我修改了lat转换器,所以它不会被“03-01-01”输入阻塞。


genfromtxt makes some sort of test run of your converters:

genfromtxt对转换器进行了一些测试:

    # Find the value to test:
    if len(first_line):
        testing_value = first_values[i]
    else:
        testing_value = None
    converters[i].update(conv, locked=True,
                         testing_value=testing_value,
                         default=filling_values[i],
                         missing_values=missing_values[i],)
    uc_update.append((i, conv))

Looks like it is taking the first data line:

看起来好像是第一个数据线:

4/2/2015 2:13:44 PM,DSN001000557867,03-01-01,0010155818,0,0,N33

splitting it on the delimiter, and using the 3rd string, 03-01-01, as the test value. i.e instead of 6, it is using the index of 6 in your usecols parameter.

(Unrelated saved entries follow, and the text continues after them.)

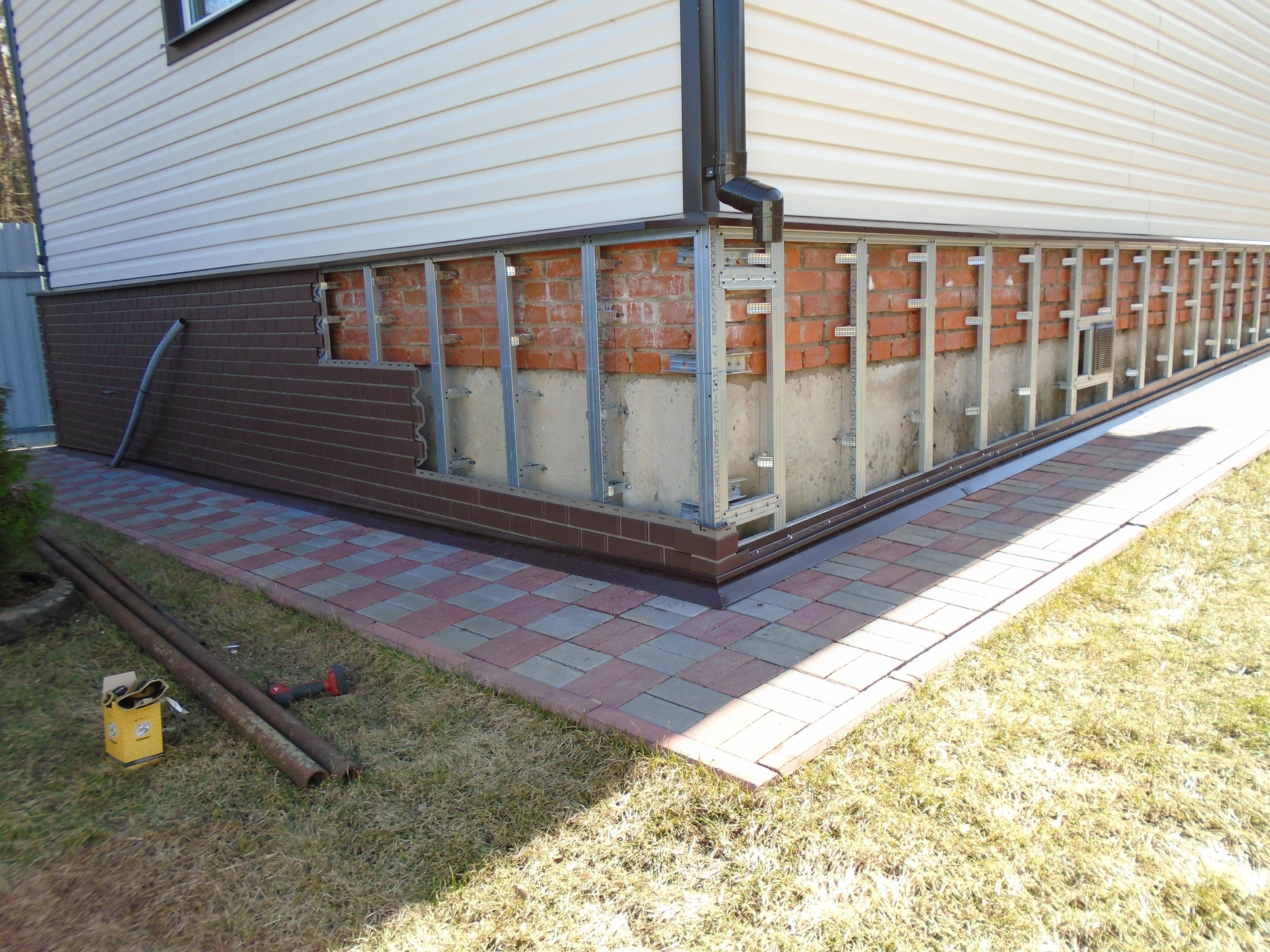Обшивка цоколя металлопрофиль под камень
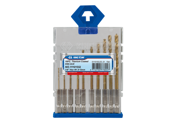 ZESTAW WIERTEŁ 1/4" HSS 1.5mm - 5mm, W POWŁOCE TYTANOWEJ Z UCWYTEM HEX, 10 SZT.
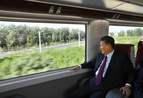 2019年9月25日上午,北京大興國(guó)際機(jī)場(chǎng)投運(yùn)儀式在北京舉行。中共中央總書記、國(guó)家主席、中央軍委主席習(xí)近平出席儀式,宣布機(jī)場(chǎng)正式投運(yùn)并巡覽航站樓。這是習(xí)近平乘坐軌道列車前往北京大興國(guó)際機(jī)場(chǎng)。新華社記者謝環(huán)馳攝

It's having problems matching the usecols, the converters ids, names and maybe the dtype.

将其拆分为分隔符,并使用第三个字符串03-01-01作为测试值。我。e而不是6,它使用的是你的usecols参数中的6。它与usecols、转换器id、名称和dtype匹配有问题。

The purpose of this test value is to determine the dtype for the column. This is needed in the dtype=None case. I don't know how it is used if you specify the dtype. Evidently it still runs it.

这个测试值的目的是确定该列的dtype。这在dtype=None中是必需的。如果指定dtype,我不知道它是如何使用的。显然,它还在运行。

In tests where I am not skipping columns, it has no problem matching converters and test values.

在我不跳过列的测试中,它没有匹配转换器和测试值的问题。